Dan was no theologian, but I would always stay behind in the sacristy and listen to him talk as he helped put away the vestments. With people who lived a life like that, it is often not what they say that is important, but rather how they say it. Coming from a family that was very respectful of elders, I am naturally inclined to listen to older people, no matter how crazy some of the things they say might seem. Dan, unlike most in this society, was on firm ground when he spoke. Black is black, white is white, there is a God in heaven, and today will be a good day because of this.

It was easy to see that for Dan, changing or getting rid of details might just be the same as amending the Nicene Creed. There is so little that we can really do for God, and so much that He does for us that every little thing counts. Sure, we should be doing all of those more important things to love God and neighbor, but we sinners have a very hard time even making an effort to begin doing these things. (I am just clearing that up for the majority of people who are reading this, since I know most of you are near-saints.) A well-placed maniple here, a washed-out cruet there, a ciborium whose hosts are arranged in the right order…. if we have the spirit of a child these can go a long way in leading us to bigger things. As Our Lord said, to be faithful in small things is to be faithful in bigger ones. Dan was all about small things.

My favorite sport in church is watching old people pray. I learned a lot about prayer just by watching Dan pray. It doesn’t matter if they are Russian babushkas, Greek yia-yias, Coptic grandmothers, or Mexican widows.

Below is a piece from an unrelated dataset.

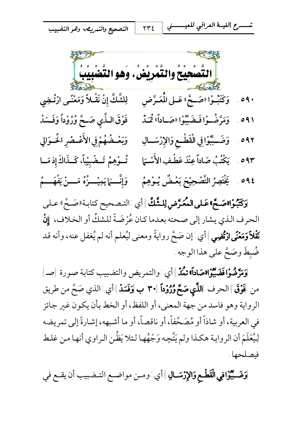 594 - يَخْتَصِرُ التَّصْحِيْحَ بَعْضٌ يُوْهِمُ ... وَإِنَّمَا يَمِيْزُهُ مَنْ يَفْهَمُ
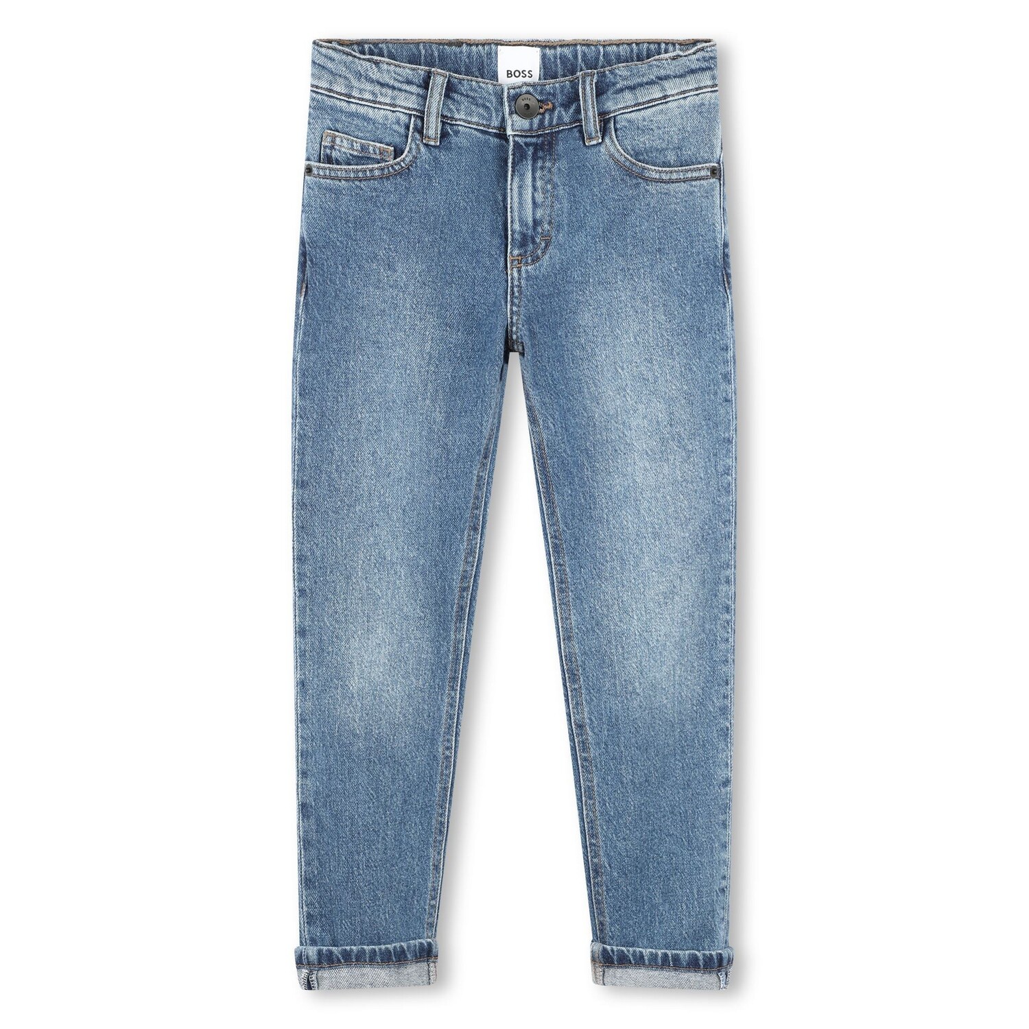 Детские джинсы стандартного кроя от BOSS из синего эластичного денима с фирменными деталями и регулируемой талией. 98 % хлопок, 2 % полиэстер. Машинная стирка (30*C)Артикул — J50687-Z25.

If you want to learn to be a Christian, watch them. No amount of book-learning can teach you what they know. Only the look on their faces can.

I went off to seminary and came back, and Dan was still going strong two years later. Shortly thereafter in 2003, his health began to deteriorate quickly. By June, he was dead. Since I was at that point going to a Byzantine Catholic church, I only learned about his death by chance. His funeral was held on a Saturday, and I joined the choir in the sung Requiem Mass. The ceremony was flawless, and no doubt Dan was proud of us in carrying out the Church’s traditional rites so well. I remember that even the one glitch that we had turned into something exquisitely beautiful. When we got to the cemetery, the directors had said that they were not ready to place the body in the ground yet. So we had to sing the actual service at the grave in a mausoleum in front of the coffin. I have never heard acoustics like that before. As we began the “Benedictus Dominus Deus Israel”, the sound resonated off the marble and made us sound like the very choirs of Heaven themselves. It was an enchanted end for a simple man who led an enchanted life.

I long ago stopped believing in a golden chain of elders. Life is just too messy and the world is much too sinful to even conceive such a thing. Dan Monary was not a saint (although we used to say that his wife was since she had to put up with him). He was a Catholic sailor. That should be enough to tell you that he didn’t lead a spotless life. But he invested the talents that he was given and was faithful in things that most of the Church had condemned to the trash heap of history. And this passed down something to me: do it right, do it simply, make it pretty. It is the least we can do for God.